The Dead were never a rock band in the strict sense. They functioned as a moving equilibrium—a push-pull between chaos and trance. Tyner understood that duality. As Coltrane’s right hand, he held space for ecstatic expansion without abandoning form. That’s what Weir heard. And it’s what Grossmann has traced back to its source.
“Grateful Dead music is inviting,” Grossmann notes. “It’s open for interpretation, yet very definitive—an incredible mix.”
It’s also spiritual music that didn’t begin in jazz, but welcomed it. And among today’s improvisers, few have carried Coltrane’s lineage of modal transcendence more consistently than Muriel Grossmann.
“Walk Spirit, Talk Spirit” (McCoy Tyner)
Premiering on Enlightenment (1973), recorded live at Montreux, this track became one of Tyner’s most powerful statements. Backed by Azar Lawrence, Juney Booth, and Alphonse Mouzon, Tyner stretches a simple modal riff into 25 minutes of dynamic, mantra-like expansion. It quickly became a staple of his live shows and is now a cornerstone of spiritual jazz. Grossmann calls it “a tune I always wanted to play,” and it’s easy to understand why.
“Contemplation” (McCoy Tyner)
From The Real McCoy (1967)—Tyner’s Blue Note debut as a leader—“Contemplation” signaled a turn inward. Alongside Ron Carter, Elvin Jones, and Joe Henderson, Tyner used space and stillness as tools, building a meditative mood without sentimentality. This piece has quietly become one of his most beloved ballads—slow-burning, soulful, and elemental.
“The Music Never Stopped” (Weir/Barlow)
First released on Blues for Allah in 1975, this Bob Weir and John Perry Barlow collaboration brought funkier, sharper rhythms into the Dead’s vocabulary. The groove is unmistakable, and the song’s lyric is a meta-commentary on the act of playing music, creating immediate resonance with the Grateful Dead’s audience. Donna Jean Godchaux’s vocal refrain, “There’s a band out on the highway…” became a kind of rallying cry, yet underneath is a subtle tension: how do we stay present while everything’s changing? It became an instant live favorite, and remained a live staple in the Dead (and post-Dead) repertoire.
“The Other One” (Grateful Dead)
Initially emerging in live Dead shows in 1967 as part of a longer suite that began with “Cryptical Envelopment,” this song was initially titled “The Faster We Go, The Rounder We Get.” That morphed into “The Other One,” which became one of the band’s central jam vehicles from the late ’60s through the mid-’70s. It evolved into one of the Dead’s most explosive improvisational vehicles, driven by Phil Lesh’s iconic “bass bomb” intros and prone to spiraling into dissonant ecstasy before snapping back into form. Grossmann’s version is elemental, starting from a subterranean pulse and building upward through free-time swirl and modal ascent. You can hear how much this band trusts the music to reveal itself. Tyner’s shadow is here too, in the way the rhythm builds from open fifths and stacked harmonies into full-spectrum lift-off. The Dead’s original versions often flared into chaos. Grossmann refracts that energy into a spiritual jazz exploration—splintered sunlight through a modal prism.
And the Band Keeps Playing On
It would be easy to present this as a concept album. Tyner meets the Dead. Jazz meets jam. Two cultures, one filter. But that’s not what’s happening here.
Grossmann isn’t making a point. She’s making music.
Her approach is neither fusion nor homage, transforming Tyner’s spiritual solemnity and the Dead’s cosmic looseness from contradictory to complementary.

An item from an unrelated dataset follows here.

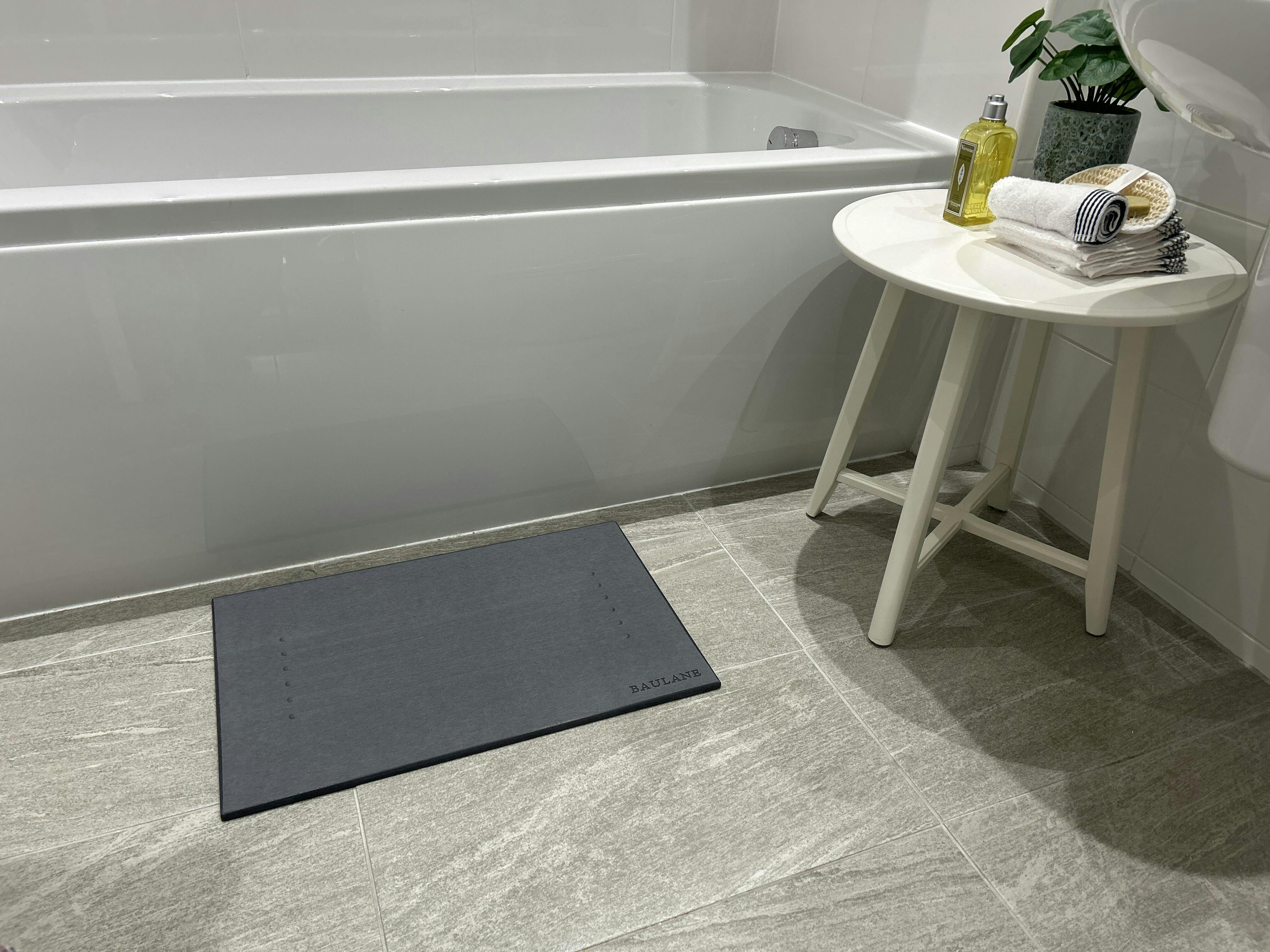 Yes. The natural mineral composition of diatomaceous earth absorbs water rapidly, helping to prevent slips and maintain a dry bathroom environment.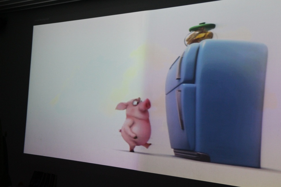 作者给小读者播放小动画视频,动物角色夸张的动作,简洁、到位、容易理解的故事情节,向小读者展示了故事创作重要的元素:不需要语言解释,好玩,生动的画面,给孩子们留下了深刻的印象。在一片欢笑之中,作者不忘给孩子们讲解写故事的

Muriel’s “filter” isn’t one of subtraction or removal, but of reshaping, like altering a photograph with color and light, until the subject remains but the mood and meaning shift.
As the Dead mark their 60th anniversary in 2025 and the Coltrane centennial approaches in 2026, this album reminds us that their music isn’t a relic to be celebrated once a century, but a living current—one that still speaks, instructs, and carries the spirit forward.
The faster we go, the rounder we get.